How to convert arbitrary string to Java identifier?

This simple method will convert any input string into a valid java identifier:

public static String getIdentifier(String str) {
    try {
        return Arrays.toString(str.getBytes("UTF-8")).replaceAll("\\D+", "_");
    } catch (UnsupportedEncodingException e) {
        // UTF-8 is always supported, but this catch is required by compiler
        return null;
    }
}

Example:

"%^&*\n()" --> "_37_94_38_42_10_56_94_40_41_"

Any input characters whatsoever will work - foreign language chars, linefeeds, anything!
In addition, this algorithm is:

  • reproducible
  • unique - ie will always and only produce the same result if str1.equals(str2)
  • reversible

Thanks to Joachim Sauer for the UTF-8 suggestion


If collisions are OK (where it is possible for two inputs strings to produce the same result), this code produces a readable output:

public static String getIdentifier(String str) {
    StringBuilder sb = new StringBuilder();
    for (int i = 0; i < str.length(); i++) {
        if ((i == 0 && Character.isJavaIdentifierStart(str.charAt(i))) || (i > 0 && Character.isJavaIdentifierPart(str.charAt(i))))
            sb.append(str.charAt(i));
        else
            sb.append((int)str.charAt(i));
    }
    return sb.toString();
}

It preserves characters that are valid identifiers, converting only those that are invalid to their decimal equivalents.
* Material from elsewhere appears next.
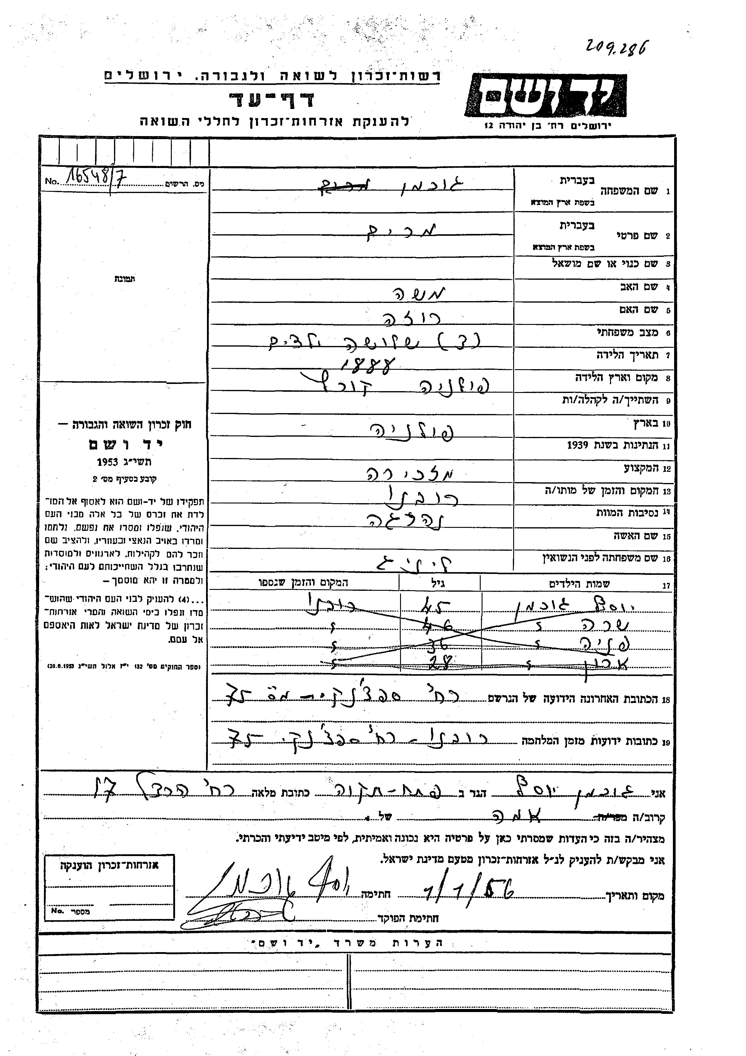 Yad Vashem - Pages of Testimony Names Memorial Collection

If you are doing this for autogenerated code (i.e. don't care much about readability) one of my favorites is just to Base64 it. No need to play language lawyer over what characters are valid in what encodings, and it's a pretty common way of "protecting" arbitrary byte data.


I dont't know a tool for that purpose, but it can be easily created using the Character class.
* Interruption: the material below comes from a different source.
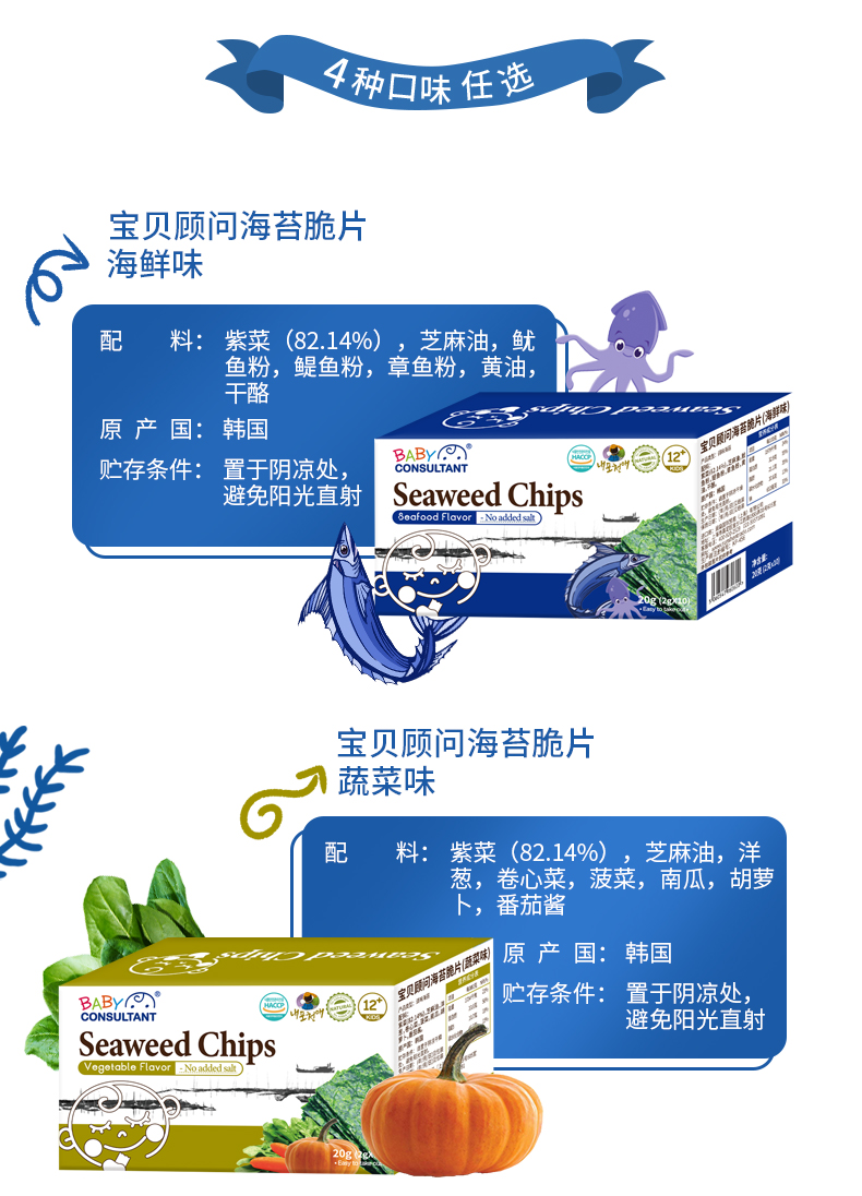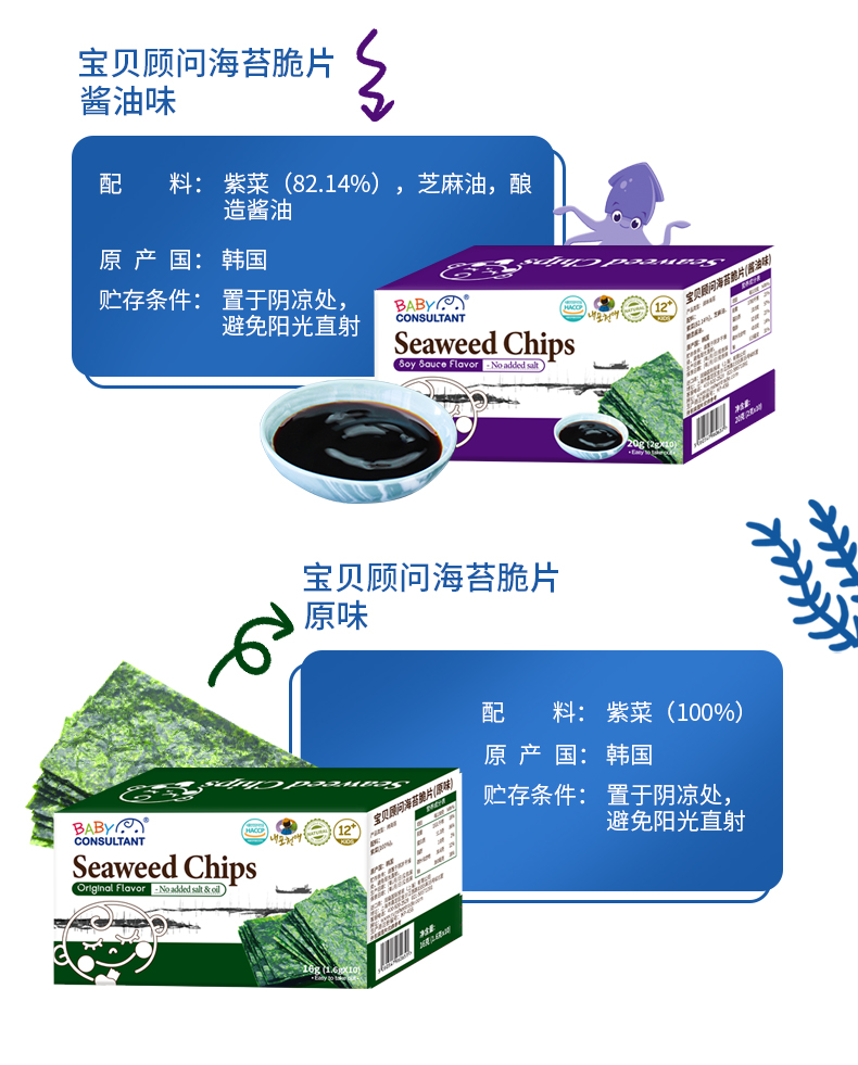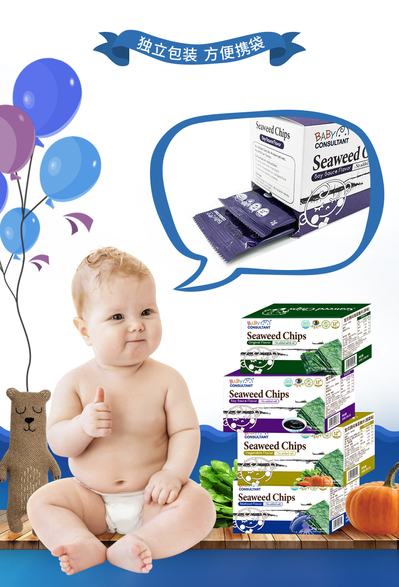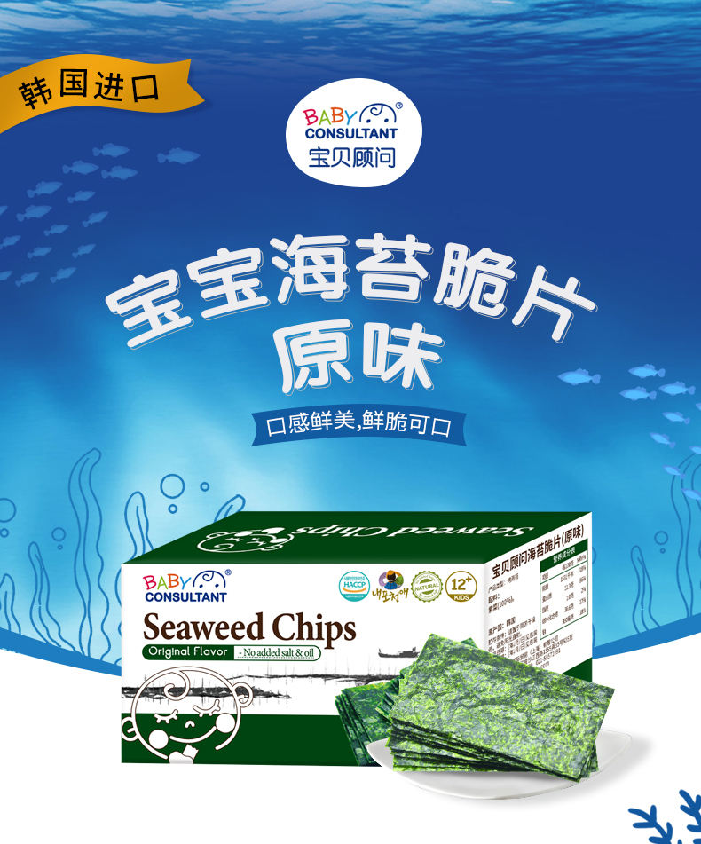 宝贝顾问海苔宝宝儿童婴儿即食海苔零食不添加盐独立小袋盒装便携

Did you know that string€with_special_characters___ is a legal java identifier?

public class Conv {
    public static void main(String[] args) {
        String[] idents = { "string with spaces", "100stringsstartswithnumber",
                "string€with%special†characters/\\!", "" };
        for (String ident : idents) {
            System.out.println(convert(ident));
        }
    }

    private static String convert(String ident) {
        if (ident.length() == 0) {
            return "_";
        }
        CharacterIterator ci = new StringCharacterIterator(ident);
        StringBuilder sb = new StringBuilder();
        for (char c = ci.first(); c != CharacterIterator.DONE; c = ci.next()) {
            if (c == ' ')
                c = '_';
            if (sb.length() == 0) {
                if (Character.isJavaIdentifierStart(c)) {
                    sb.append(c);
                    continue;
                } else
                    sb.append('_');
            }
            if (Character.isJavaIdentifierPart(c)) {
                sb.append(c);
            } else {
                sb.append('_');
            }
        };
        return sb.toString();
    }
}

Prints

string_with_spaces
_100stringsstartswithnumber
string€with_special_characters___
_